• [Instructions to follow]: In the entries below, which lines run from the one with "土地公小號開光風水黃銅土地公土地婆神像擺件家居銅佛像家居風水平安擺設" through the one with "Все номера, в"? Repeat exactly those, both included, and no pictures.

• [Records drawn from a dataset]:

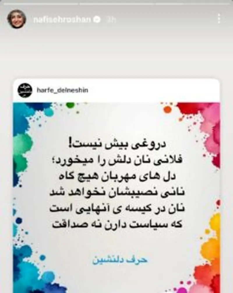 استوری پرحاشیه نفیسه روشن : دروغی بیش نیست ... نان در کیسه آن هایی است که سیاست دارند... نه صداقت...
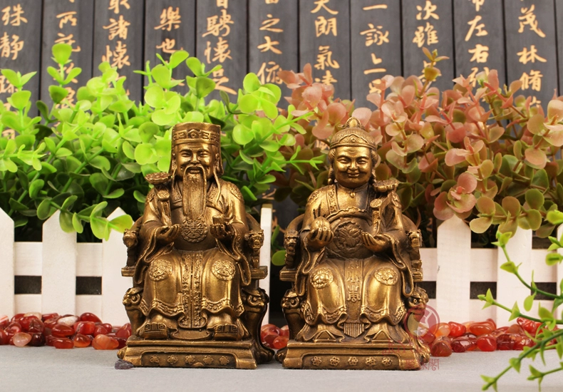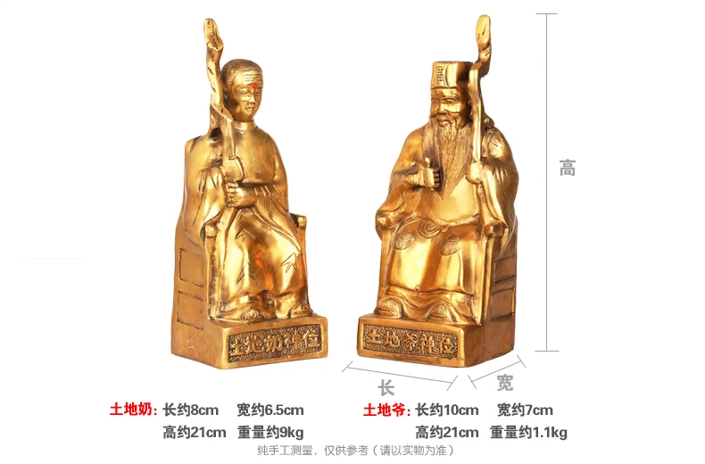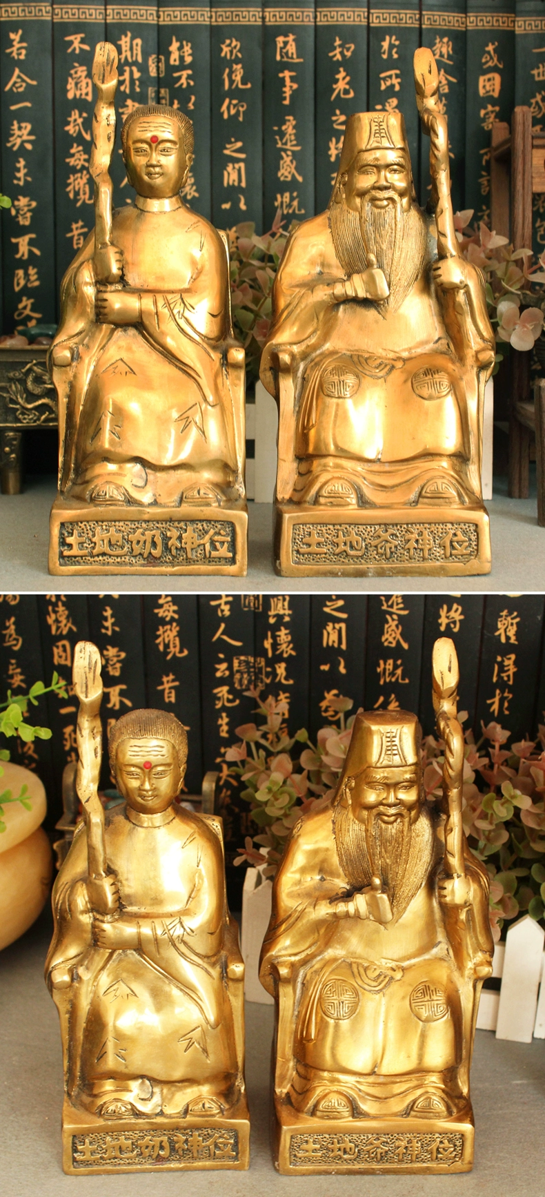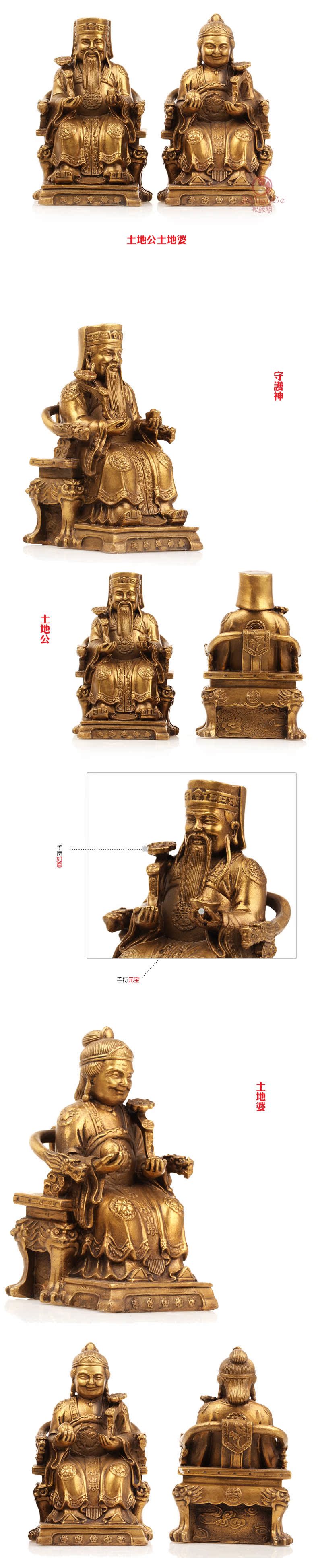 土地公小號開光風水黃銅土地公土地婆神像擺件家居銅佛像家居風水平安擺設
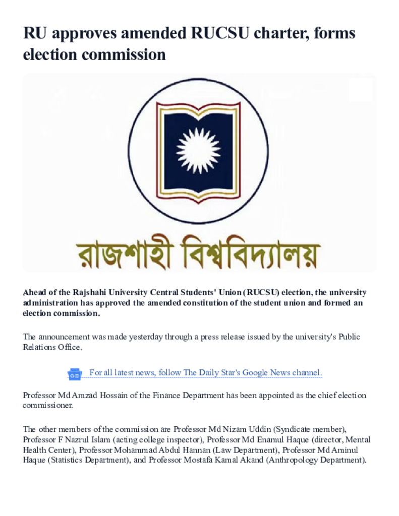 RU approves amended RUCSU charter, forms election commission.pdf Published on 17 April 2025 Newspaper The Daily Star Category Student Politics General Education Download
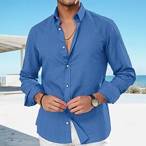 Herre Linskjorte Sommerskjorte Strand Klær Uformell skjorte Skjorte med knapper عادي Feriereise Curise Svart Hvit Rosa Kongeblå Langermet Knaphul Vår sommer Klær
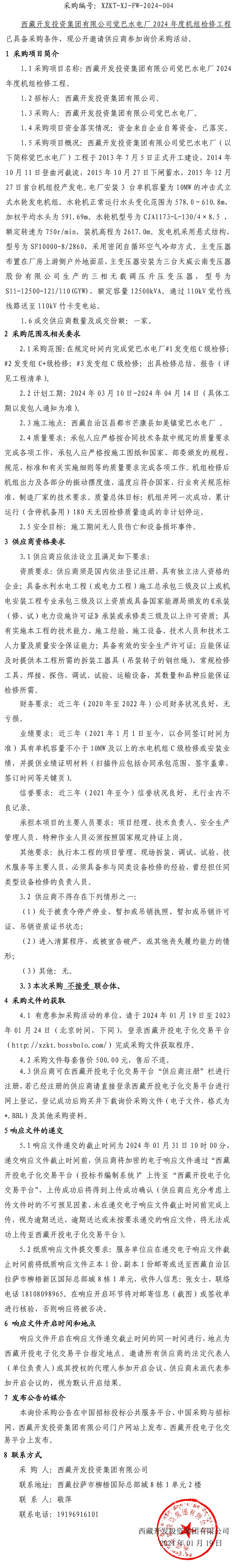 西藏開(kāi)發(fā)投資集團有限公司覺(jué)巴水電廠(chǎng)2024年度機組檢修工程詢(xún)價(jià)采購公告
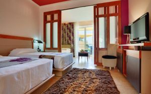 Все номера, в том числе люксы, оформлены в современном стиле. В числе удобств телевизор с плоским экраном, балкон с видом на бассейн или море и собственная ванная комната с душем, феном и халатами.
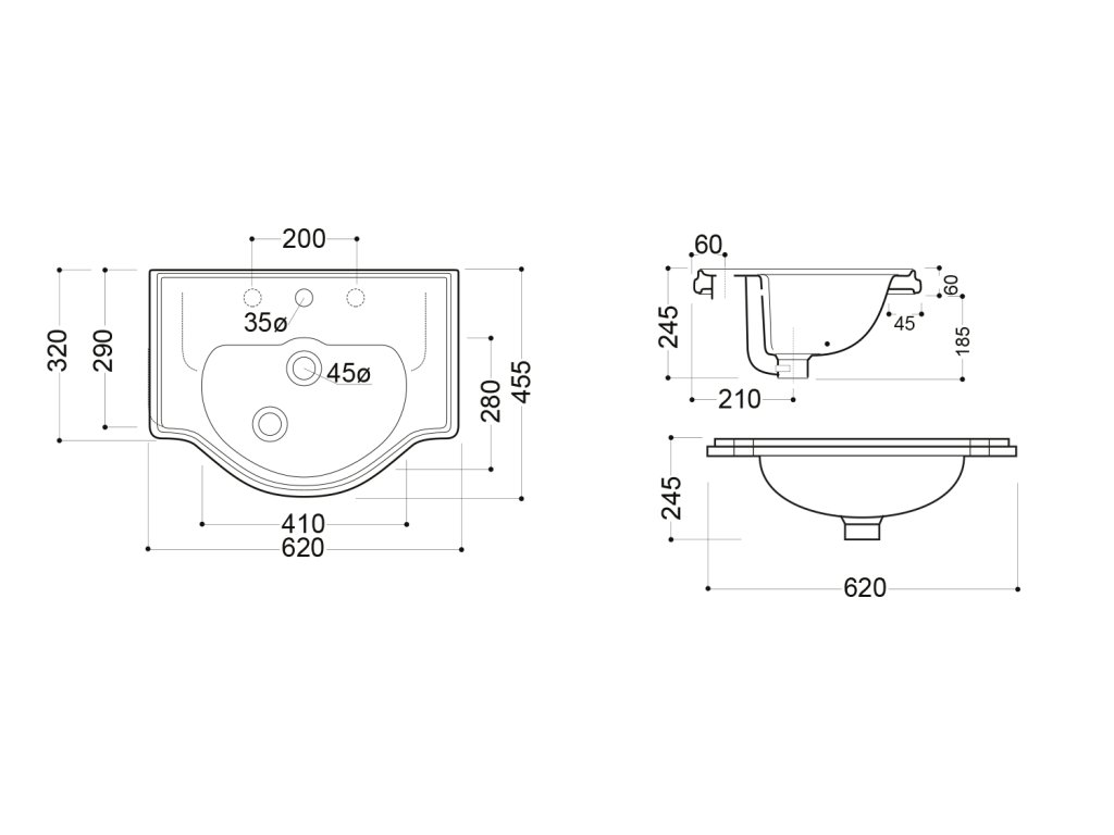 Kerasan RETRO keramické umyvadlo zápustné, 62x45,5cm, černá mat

• [Response to the task]:
 土地公小號開光風水黃銅土地公土地婆神像擺件家居銅佛像家居風水平安擺設
 RU approves amended RUCSU charter, forms election commission.pdf Published on 17 April 2025 Newspaper The Daily Star Category Student Politics General Education Download
 Herre Linskjorte Sommerskjorte Strand Klær Uformell skjorte Skjorte med knapper عادي Feriereise Curise Svart Hvit Rosa Kongeblå Langermet Knaphul Vår sommer Klær
 西藏開(kāi)發(fā)投資集團有限公司覺(jué)巴水電廠(chǎng)2024年度機組檢修工程詢(xún)價(jià)采購公告
 Все номера, в том числе люксы, оформлены в современном стиле. В числе удобств телевизор с плоским экраном, балкон с видом на бассейн или море и собственная ванная комната с душем, феном и халатами.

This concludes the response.